# My AGA entries



## George Farmer (11 Nov 2007)

Here are my 3 entries in the AGA 2007 Aquascaping Contest.  

The judges comments were all worthwhile and I look forward to implementing what I've learnt for next year's contest.

I certainly did not regret entering, that's for sure. 

Who else entered from UKAPS?  Just zig and Tom?

More next year, I hope...

http://showcase.aquatic-gardeners.org/2 ... ol=0&id=22

http://showcase.aquatic-gardeners.org/2 ... ol=1&id=95

http://showcase.aquatic-gardeners.org/2 ... l=1&id=104


----------



## ceg4048 (11 Nov 2007)

Wow George those are spectacular. I love the "Mother Microsorium"! The photography is first rate as well.

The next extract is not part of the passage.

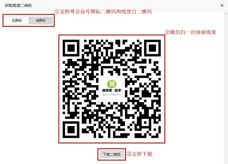 ⒍进入渠道二维码生成后,找到对应渠道名称,然后点击获取二维码,支持下载带公众号图标的带参数二维码,纯黑白的带参数二维码。现微号帮平台所有功能注册登录授权添加公众号,立即免费试用7天!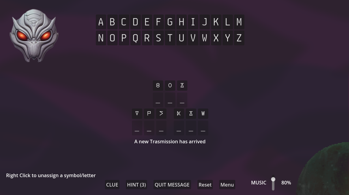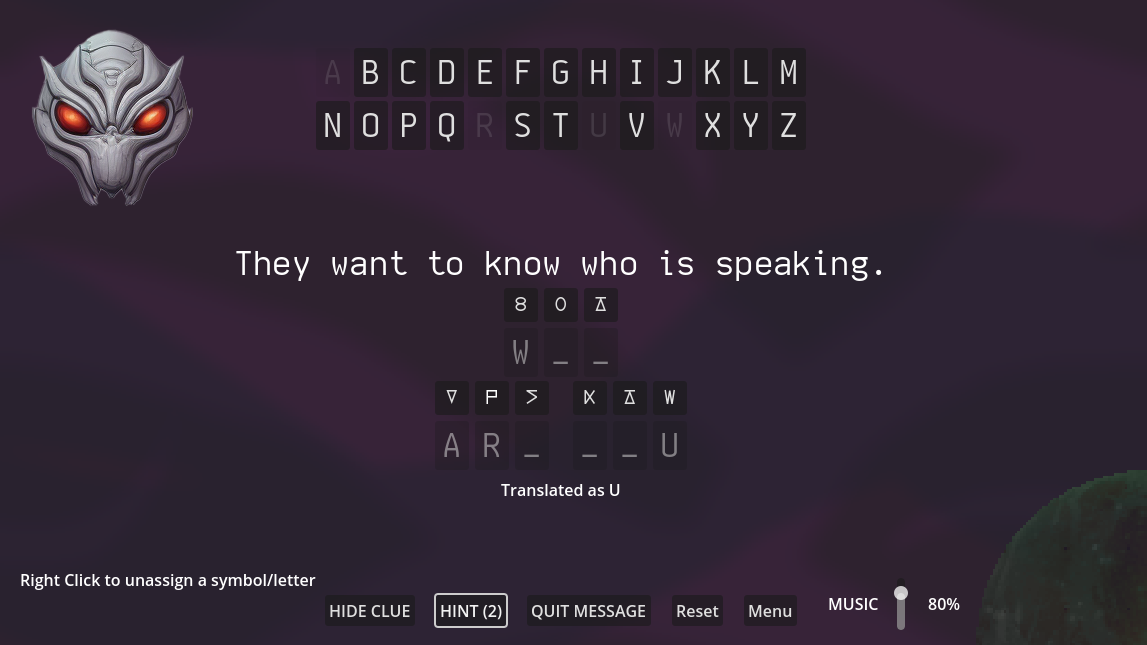 The Theme of the jam is "The world is watching" so it translates in the game as both the alien world watching to see if you can translate the texts, and the Earth is watching and waiting to see what the aliens have said.

I guess Mr. Gomez didn't like the crinum being on the left side but I wonder if it would do any good moved to the rear right corner to address Mr. Tootell's comment.

Cheers,


----------



## Graeme Edwards (11 Nov 2007)

Yeah saw them yesterday. Well done. The judges remarks were a little on the blunt side, but constructive i guess.
No entry from me this year.Next year for sure.
Just think George, Amano him self will be casting a critical eye over your designs, how cool is that?"!!!!!!


----------



## Arana (11 Nov 2007)

I'd be happy with any of those!  8) you should be proud george...nice work


----------



## Lozbug (11 Nov 2007)

just beautiful. i'd be proud if i ever have one close. very nice work


----------



## George Farmer (12 Nov 2007)

Thanks everyone.

Hopefully I'll have another two or three entries next year.


----------